Basically, on analyzing the current foreign policy of the US and the war in Iraq, it is necessary to underline that the war was logical part of the existing principles of American foreign policy. It should be said that the national interests of the US has always been the main priority of the US, regardless what party controlled the White House. In such a situation, the declarations of the current President administration concerning the fact that the war in Iraq targets at the protection of the national interests of the US seems to be quite natural. In order to better analyze the argumentation of the Bush’s administration and its opponents, it is necessary to briefly discuss the start of the war and its causes.

First of all, it is necessary to start with the official causes declared by the President Bush which actually defined the further policy of the US in relation to Iraq. It should be said that the official strategic reason to start the war in Iraq was the terror attacks of September 11. It is after these attacks the US have launched the war on terror, which resulted in a number of victorious military campaign of the US army, among which the war in Afghanistan and Iraq are the most significant. However, it is possible to argue about the extent to which both wars were successful, while in the case of the war in Iraq it is hardly possible to speak about the total victory of American armor at all.
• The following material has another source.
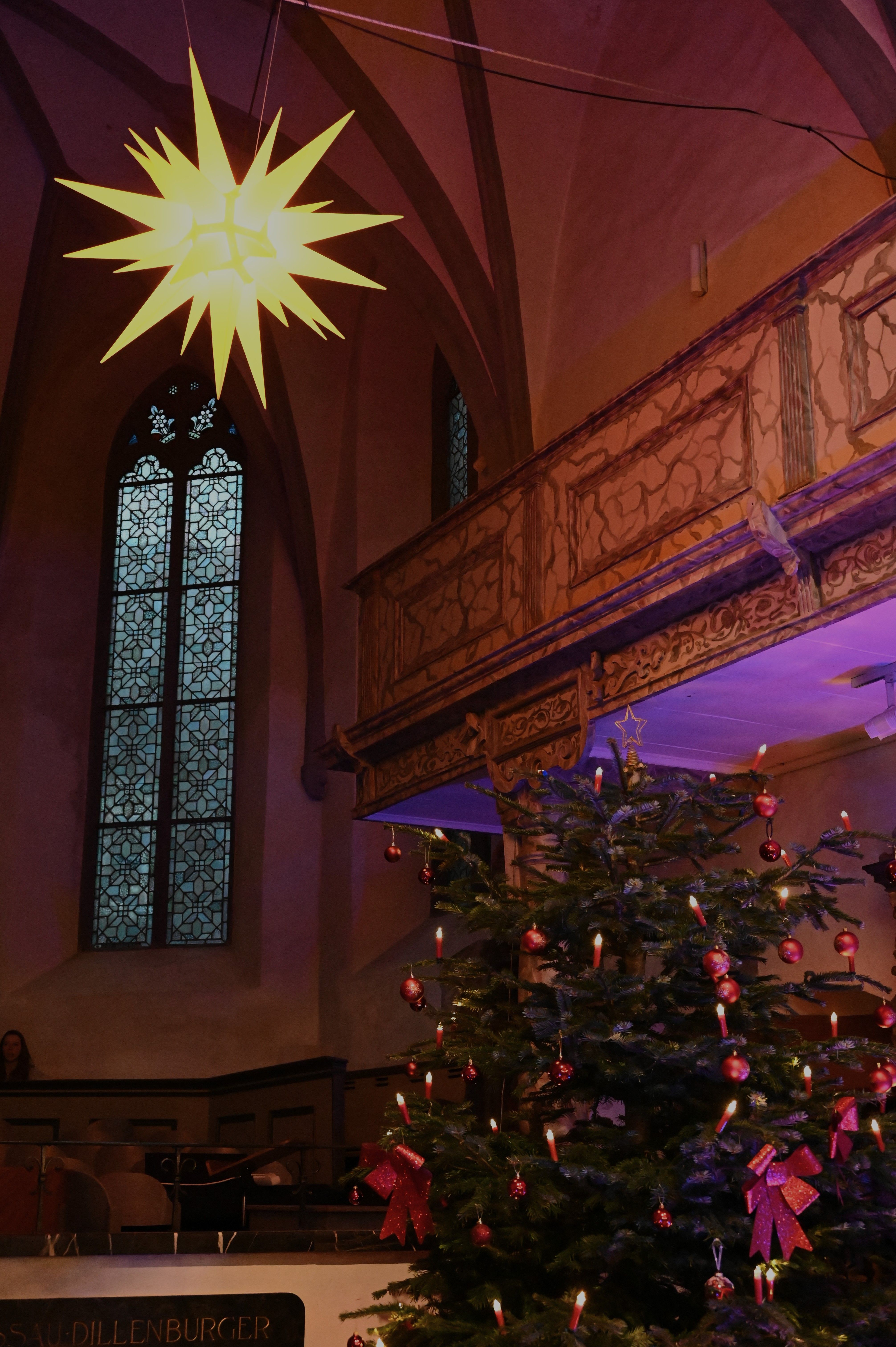 Traditionell findet am letzten Schultag vor Weihnachten am Dillenburger Gymnasium ein von der Fachschaft Religion organisierter ökumenischer Gottesdienst statt, jährlich reihum in der evangelischen oder der katholischen Kirche oder in der Freien evangelischen Gemeinde. Dieses Jahr war wieder die ev. Stadtkirche dran, die durch ihre historische Atmosphäre stets eine ganz besondere Stimmung ermöglicht. Zwar ist das Gebäude zu klein für alle Schülerinnen und Schüler, sodass nur die Religionskurse der Mittelstufe teilnehmen können, aber die Ethikkurse sowie die Schülerinnen und Schüler der Oberstufe erhielten im Schulgebäude ein zusätzliches Weihnachtsprogramm.

Nevertheless, the war in Iraq was declared essential as a part of the struggle against international terrorism, or to put it more precisely, Bush’s administration starting the war in Iraq actually struggled against the state supporting international terrorism. Obviously, the weakness of such argumentation of the war, at least on the international level was obvious, and the official pretext of the war was found: the potential threat to the US national interests from the part of the criminal and non-democratic Iraqi regime headed by Saddam Hussein which, according to the information of American intelligence possessed the weapon of mass destruction. As a result, the US launched the war in Iraq and along with its allies factually occupied the country and gave rise to the new democratic government of the country which, though, was highly dependent on American military presence in the region.

Formally, the causes and pretext of the war in Iraq are based on logical and clear principles of the foreign policy of the US. It is quite natural that the country considers the protection of its national interests the highest priority and protects them on the international level using all possible means, even though they may be argued by other participants of the international politics. Moreover, the war in Iraq was practically an essential step of the US since it declared the struggle with international terrorism the basic goal of its foreign policy, at least for the nearest future.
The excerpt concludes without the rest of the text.